In the begining...

New to the forum and considering my first build. I'm curious as to what any/everybody might thing of the bike I am hoping to start with.
The basics that I have...
Frame - '96 Kona Cinder Cone size small 14"
Shock - Marzocchi Atom Bomb Z2 60mm travel, Coil and Oil
Head Set - Chris King
Stem - Diamond Back Billet
Bars - BMX style handle
Drive - RaceFace cranks, single speed 34/19
Brakes - XT side pulls - front and rear
Wheels (F) Rolf Dolomite or Alex 18, (R) LX/Mavic
Kona wo motor.jpg

I was a bit worried about being able to squeeze a motor in the triangle but I think after mocking it up with a friends parts motor, it will work. I think it will need an offset intake and I will need to grind a little from the mounts.
Kona w motor.jpg

Does anyone have an opinion about using a light butted cro-mo frame?
I have a little welidng experience and own a small mig and have considered adding a few gussets in some corners.
I'm not sure of a direction to go other than the obvious... keep it light simple sort-of motocrossish.

Again, I am new to this, and looking for suggestions and input before I move forward.
My current plan is to pickup a basic 66/80 kit and see where it takes me.
Thanks for taking the time to look.
MF
 
Why drill out the clutch plate?
I think it's about reducing the weight of engine components. No 1 thing has a great effect, but a lot of little things ad up to some noticeable improvement in how quickly the engine will grab RPM.
 
I think it's about reducing the weight of engine components. No 1 thing has a great effect, but a lot of little things ad up to some noticeable improvement in how quickly the engine will grab RPM.
That was my initial thought too, perhaps a bit extreme but these not very powerful motors need all the help they can get. I hope he beveled the edges since they will file away his pads if not.

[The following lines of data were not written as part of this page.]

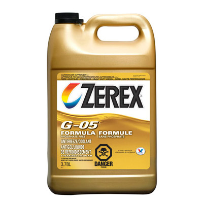 Approbations: Zerex G-05 est conforme ou supérieur aux exigences suivantes de l'industrie et des moteurs: Chrysler MS9769, Ford WSS-M97B51-A1, ASTM 03306, GM 1852M, GM 1852M, GM 1899M, 'ercedes, John Deere et MTU
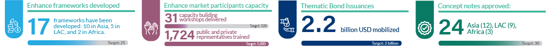 The GTF strengthens the national green finance ecosystems of at least 22 developing countries in Asia, Africa, and Latin America and the Caribbean, prioritized by the GTF Board. This is achieved through the development of 17 policy frameworks and the training of more than 1,700 sustainable finance experts across the public and private sectors. The Global Trust Fund provides pre- and post-issuance support, as well as credit enhancement, to potential issuers, resulting in 10 thematic bond issuances that have raised USD 2.2 billion toward nationally determined contributions (NDC) targets. Direct capital mobilization through the Trust Fund will help avoid 130 million tCO₂ emissions, strengthen the climate resilience of 2 million beneficiaries, and create 400,000 green jobs.
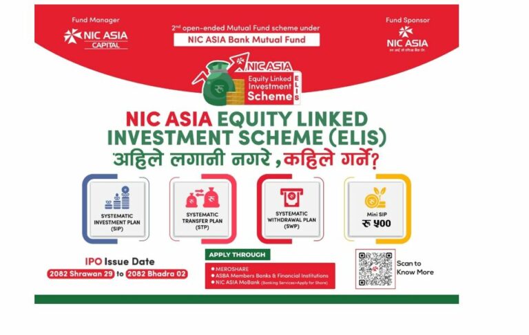 एनआईसी एशिया क्यापिटल लिमिटेडले “एन आई सी एशिया इक्वीटी लिङ्कड इन्भेष्टमेण्ट स्किम” संचालन गर्ने भएको छ । यो दोश्रो खुलामुखी योजना हो ।
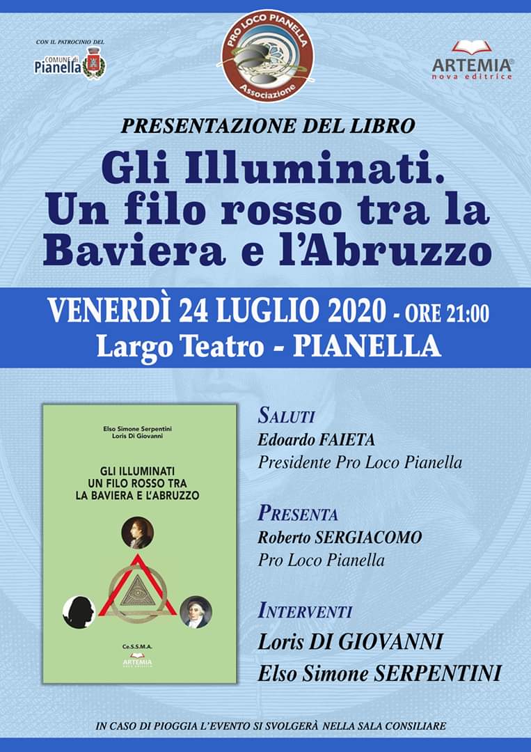 Stasera alle ore 21.00 a Pianella nella splendida cornice di Largo Teatro verrá presentato il libro “Gli Illuminati. Un filo rosso tra la Baviera e l’Abruzzo” di Elso Simone Serpentini e Loris Di Giovanni, edito da Artemia Nova Editrice.
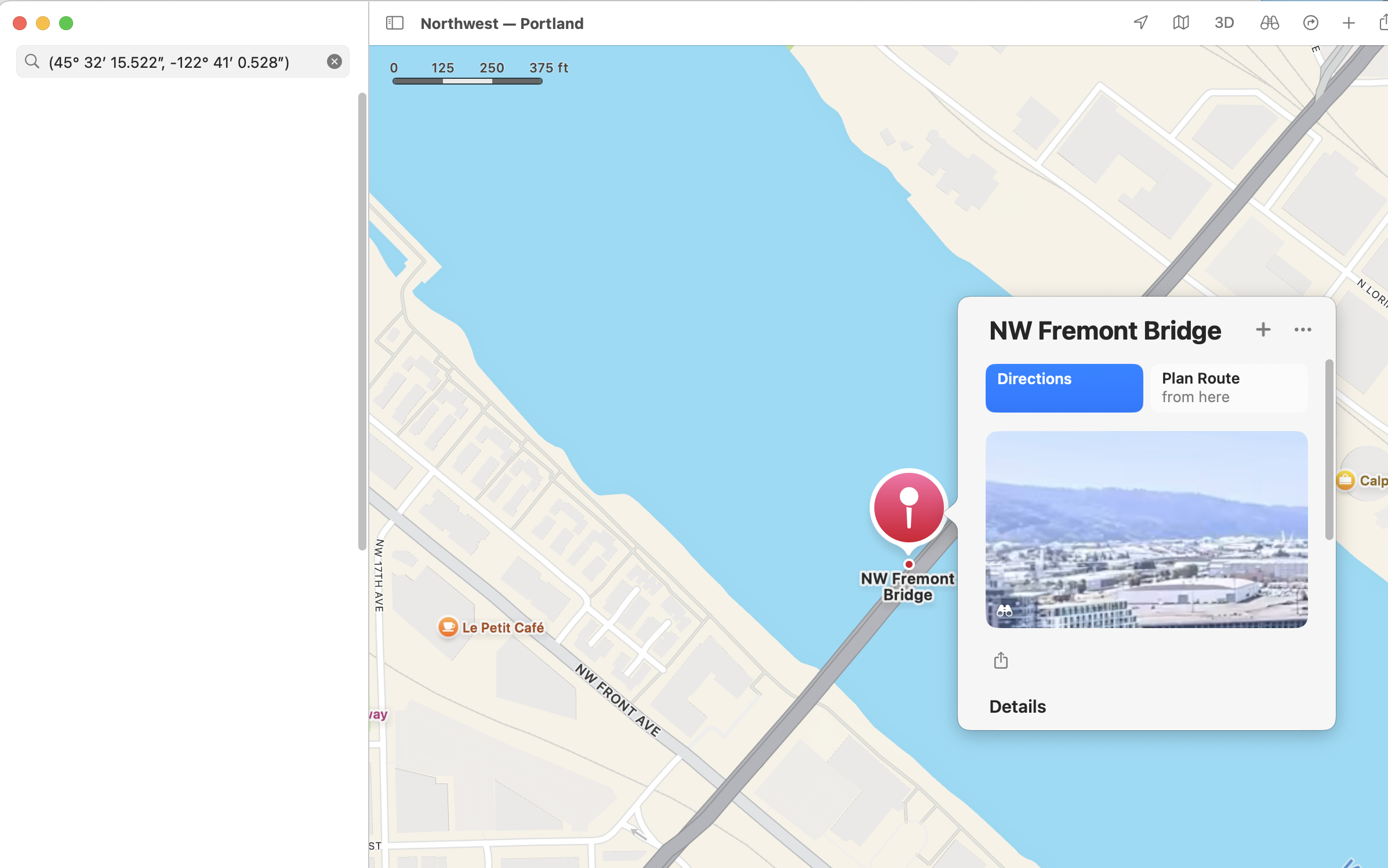You can copy the coordinates, Latitude: 45° 32’ 15.522” N, Longitude: 122° 41’ 0.528” W, reformat them to standardize them as (45° 32' 15.522", -122° 41' 0.528"), and paste them into the Apple Maps application on a macOS computer to view the location on a map.

Only concern is a pad that is loose enough to rotate slightly in its bed and having a corner catch the plate locking the clutch together.
 
That was my initial thought too, perhaps a bit extreme but these not very powerful motors need all the help they can get. I hope he beveled the edges since they will file away his pads if not. Only concern is a pad that is loose enough to rotate slightly in its bed and having a corner catch the plate locking the clutch together.

Yes, I was sure to bevel / de-burr the edges of the holes. Weight is one reason, the other is temperature, think brake rotors. About 40 miles on it so far, seem to work as desired.

It does 4 stroke a bit. I will order a jet kit once I finish with the exhaust. I still have the stock #70 in the NT carb. The plug is pretty dark and oily.
Some
I do have a concern, maybe I can get some input on... It seems to be running hot. I have a ngk b6hs plug. The silver area just above the head is discolored, tarnished looking with a slight iridescents. Sorry no pic. The head was slightly warped when I rebuilt it, nothing a little 400 grit and some elbow grease could not fix. It did spring a small leak yesterday. I've retightend them and we'll see today.
 
Weight and heat are the main reasons for drilling the clutch. Think brake rotors.
Seems to work as it should.

I do have a issue with 4stroking. But I will get a jet kit once I finish the exhaust.

Another thing is that it seems to be running hot. There is a dicoloration of the silver part of the plug near the head, just above the washer. It is tarnished looking and has a slight iridescents. Using an NGK B6HS. It could just be the fresh engine paint. Although I did bake the jug and head @ 400° for about an hour. I am worried about warping the head. I did have to plane it, 400 on glass, a little when I rebuilt. And it did start leaking a little yesterday, re torked them after it cooled down and we will see today.

Sorry Frank' if you are reading this again.
 
Weight and heat are the main reasons for drilling the clutch. Think brake rotors.
Seems to work as it should.

I do have a issue with 4stroking. But I will get a jet kit once I finish the exhaust.

Another thing is that it seems to be running hot. There is a dicoloration of the silver part of the plug near the head, just above the washer. It is tarnished looking and has a slight iridescents. Using an NGK B6HS. It could just be the fresh engine paint. Although I did bake the jug and head @ 400° for about an hour. I am worried about warping the head. I did have to plane it, 400 on glass, a little when I rebuilt. And it did start leaking a little yesterday, re torked them after it cooled down and we will see today.

Sorry Frank' if you are reading this again.
I don't read, I scan.

May have been a tiny leak that fixed itself, I'm certain you don't have fake spark plugs.